The Davis Center for Russian and Eurasian Studies is located in the Center for Government and International Studies, South Building.
The Davis Center for Russian and Eurasian Studies is located in the Center for Government and International Studies, South Building. By Julian J. Giordano

Tufts University professor and author Gregory Carleton discussed how Russian historical myths contribute to Russian exceptionalism and the rationale for its invasion of Ukraine at a seminar Tuesday evening.

Harvard’s Davis Center for Russian and Eurasian Studies hosted the talk, which was moderated by Edythe Haber, professor emerita at the University of Massachusetts Boston.

Carleton, a member of Tufts’ Department of International Literary and Cultural Studies, said Russia’s past military legacy formed its “sense of exceptionalism,” which represents a key part of the nation’s cultural identity today.

According to Carleton, the nation’s exceptionalism is grounded in Russian war myth, which celebrates “defense” in conflict and “the legacy of invasion.”

He added this portrayal of history “always puts Russia on the side of the good” and allows the nation to frame its actions as “always responding to foreign aggression, not committing it.”

Even the Russian language, per Carleton, reflects the nation’s defense of its perceived land claims.
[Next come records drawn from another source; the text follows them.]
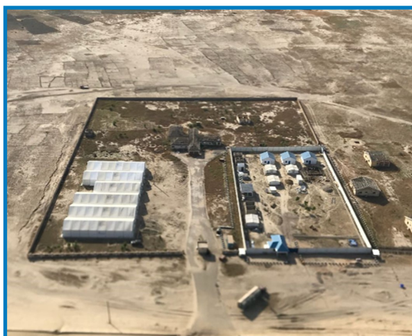
Six MSUs have been established in Ngala, next to the Inter-agency Humanitarian Hub; four for WFP food operations and two for the Logistics Sector common storage.

WFP has temporarily provided 15 Mobile Storage Units (MSUs) to seven organisations in 10 locations.
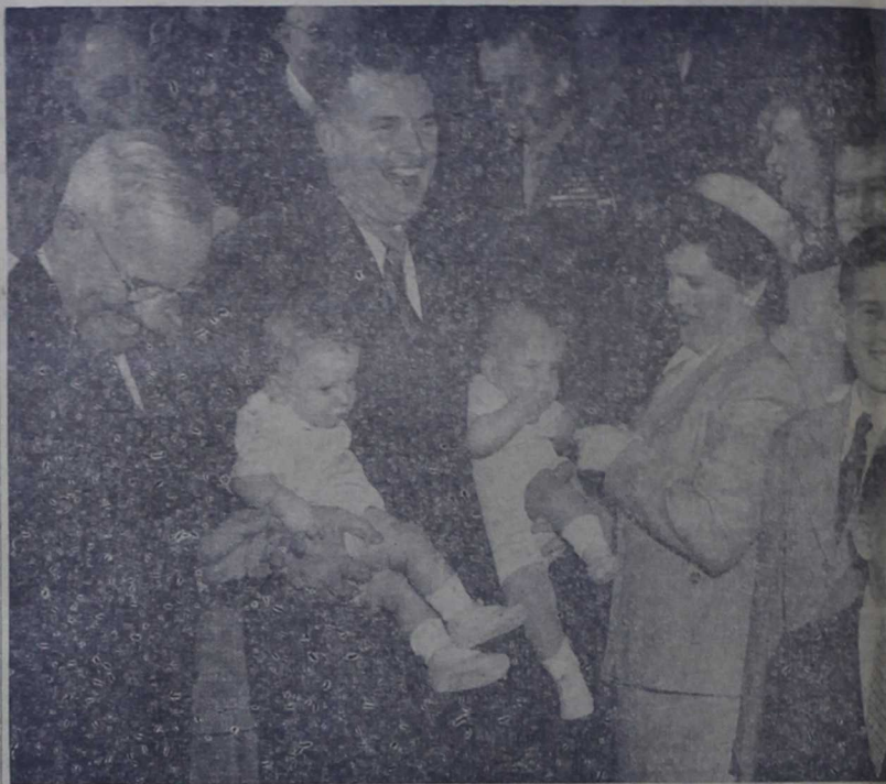
The president had a hard time getting past the twins, but he did read the citation, did the Medal of Honor around Col. Justice M. "Jumping Joe" Chambers' neck and did retire before he could snatch the handkerchief from the presidential breast pocket.

During his last tour of duty, he served with the first Marine guard detachment to be sent to Palestine following the Jewish-Arab fighting.
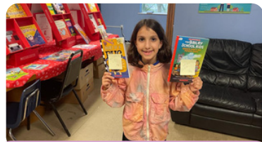
The girls enjoy the last few days of the Scholastic Book Fair!
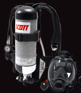
Scott Safety Contour
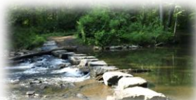
Miles of beautiful trails

He explained the Russian affix “Род” — meaning “birth” and “kinship” — appears in the Russian words “Родина,” or “the land that gave birth,” and “народ,” or “people.”

According to Carleton, this etymology illustrates the “organic connection between land and people,” indicating a “longstanding legacy that the defense of the land is a sacred act.”
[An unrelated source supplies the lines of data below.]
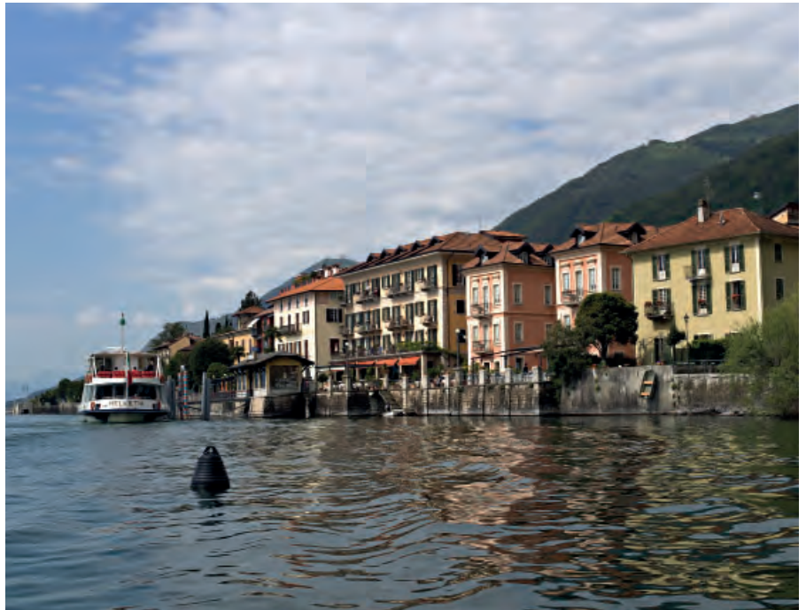
Hotel Cannero from the water

The Hotel Ambassador a l'Opera is a historic boutique hotel located opposite Zurich's Opera House, set just back from the lakeside. This is a highly luxurious and unique option for a one or two night stay in central Zurich. The hotel has just 45 rooms and is renowned for their gourmet restaurant which is just as popular with locals as hotel guests.
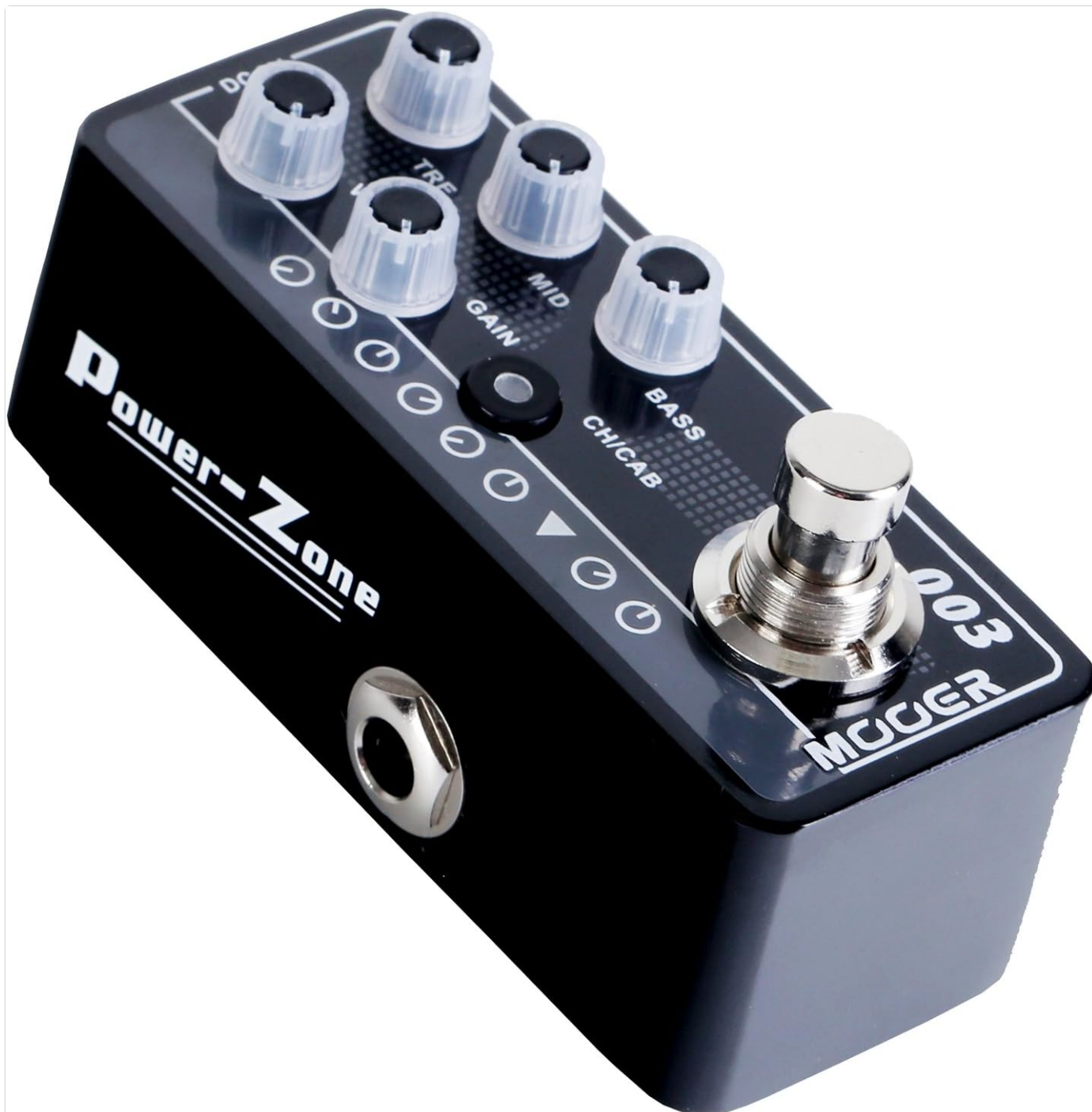
Figure 2: Angled view of the MOOER Power-Zone Micro Preamp (M003). This perspective highlights the 'Power-Zone' branding on the side and the 6.35mm input jack.
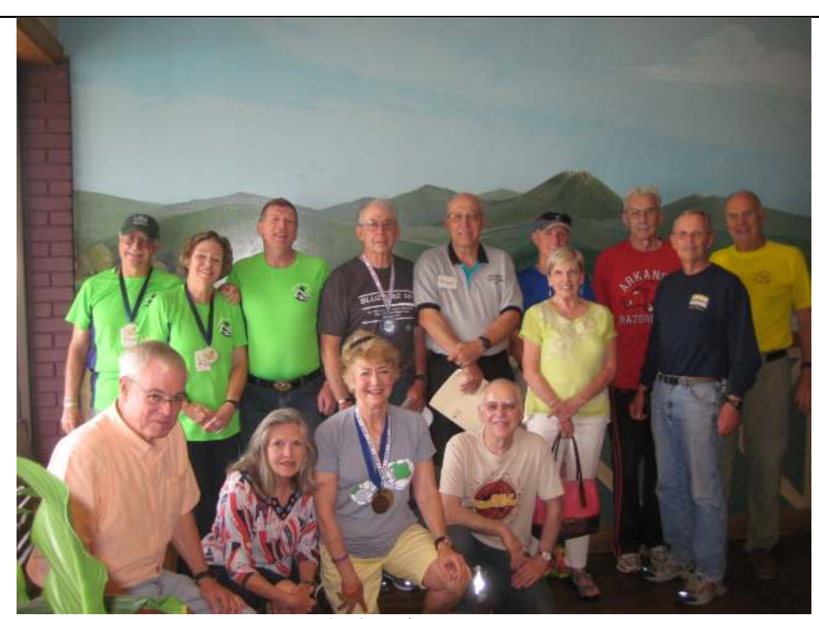
Retreads photo from May 7, 2014

#3 No bike riding is allowed in the park except in the parking lot and drive.
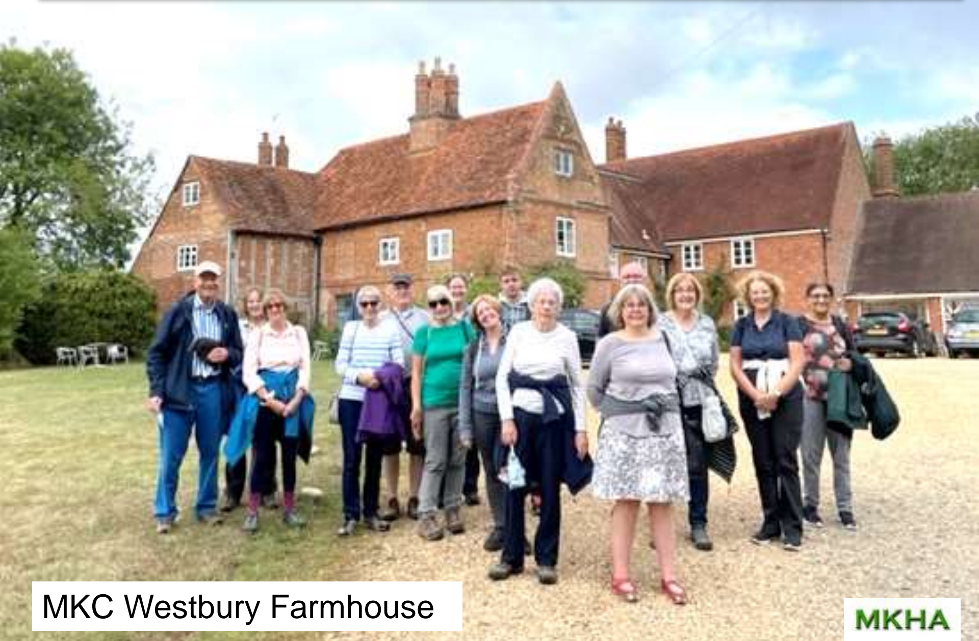
MKC Westbury Farmhouse

Russian myth describes the recurring pattern of Russia overcoming invasions, according to Carleton.

“Russian exceptionalist history is very much cyclical,” he added, whereas “Americans tend to think of their history as linear.”
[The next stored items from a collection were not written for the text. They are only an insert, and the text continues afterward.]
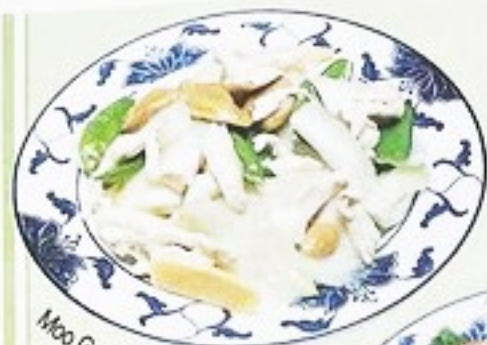
Moo Goo Gai Pan
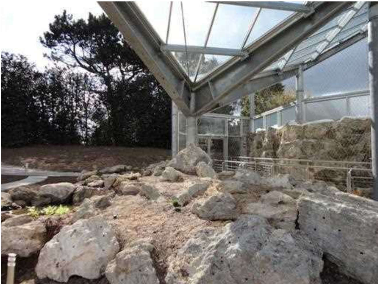
(from May 14 th showing many holes and some plants)

"Things are progressing well in the alpine house. We have drilled 600 holes 300 inside and the same outside which took 2 of us a week to do and about 4 drill bits. Never want to do that again and now we are planting the wall up which is great. The light at the end of the tunnel." John promises us a fuller report on the project in a future issue.
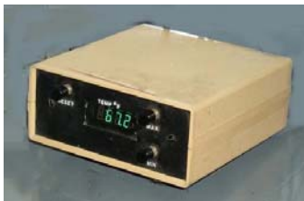
Figure 1. NWS Maximum-Minimum Temperature System (MMTS) radiation shield and display unit.

At the time, many climatologists expressed concern about this mass observing change. Growing concern over potential anthropogenic climate change was stimulating countless studies of long-term temperature trends. Historic data were already compromised by station moves, urbanization, and changes in observation time. The last thing climatologists wanted was another potential source for data discontinuities. The practical reasons outweighed the scientific concerns, however, and MMTS deployment began in 1984. No published results of pre-deployment data comparisons were offered at the time, although some internal NWS documents describing field test results were circulated.
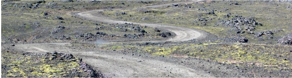
Sprengisandur highland road

Dinner and overnight stay in the Thjorsardalur area.
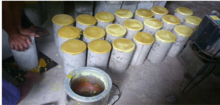
Figure 3. Test specimens for concrete under elevated investigation

2.1.2. Specimens for elevated temperature investigations. The specimens for elevated temperature investigation with standard cylindrical size of 15 mm diameter and 30 mm height were employed. Various polypropylene dosages of 0 kg/m 3 , 1.5 kg/m 3 , 2.0 kg/m 3 , 2.5 kg/m 3 , dan 3.0 kg/m 3 to the concrete volume were utilized. The test specimens for concrete under elevated temperature investigation can be seen in Figure 3.
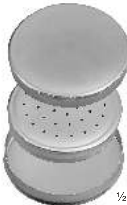
HB 9092 6,5 x 1,5 cm
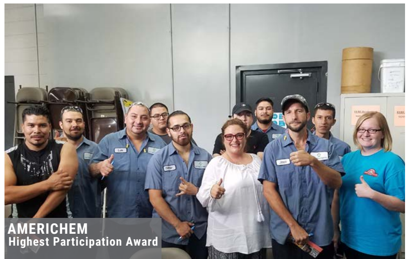
AMERICHEM Highest Participation Award
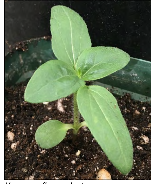
Young sunflower plant.

Through Russia’s yearly celebration of defeating the Nazis in World War II on May 9, Russians continue to “share a sacred kinship,” according to Carleton.

On that day, Carleton said, Russians from all generations show “pride in themselves,” exemplified through “the spirit of those marching” and “holding the photographs of those who served.”

“Russian identity can be forged from the ultimate triumph in war,” he added.

This sacred kinship, per Carleton, “transcends politics and class” and “unites them” as “one family, symbolically born from the war and from the blood of their greatest generation.”

This source of Russian pride and unity, Carleton said, is entrenched not only in a fight against invaders but also in a belief that Russia is always on the side of the “just.”

In the eyes of the Russians throughout history, he said “it’s not just Western aggression, but it’s rather a Western overall colonial genocidal drive against the world.”

Carleton said during the event that Russian President Vladimir Putin wants the Russian people to believe that Nazism did not disappear, but transformed into imperialism exhibited by the United States and the North Atlantic Treaty Organization.

“And now, according to President Putin’s speech on the day of invasion in February, the same Nazi threat has taken seed in Ukraine,” he said.

“He has come to believe in his own history and his own propaganda,” Carleton added.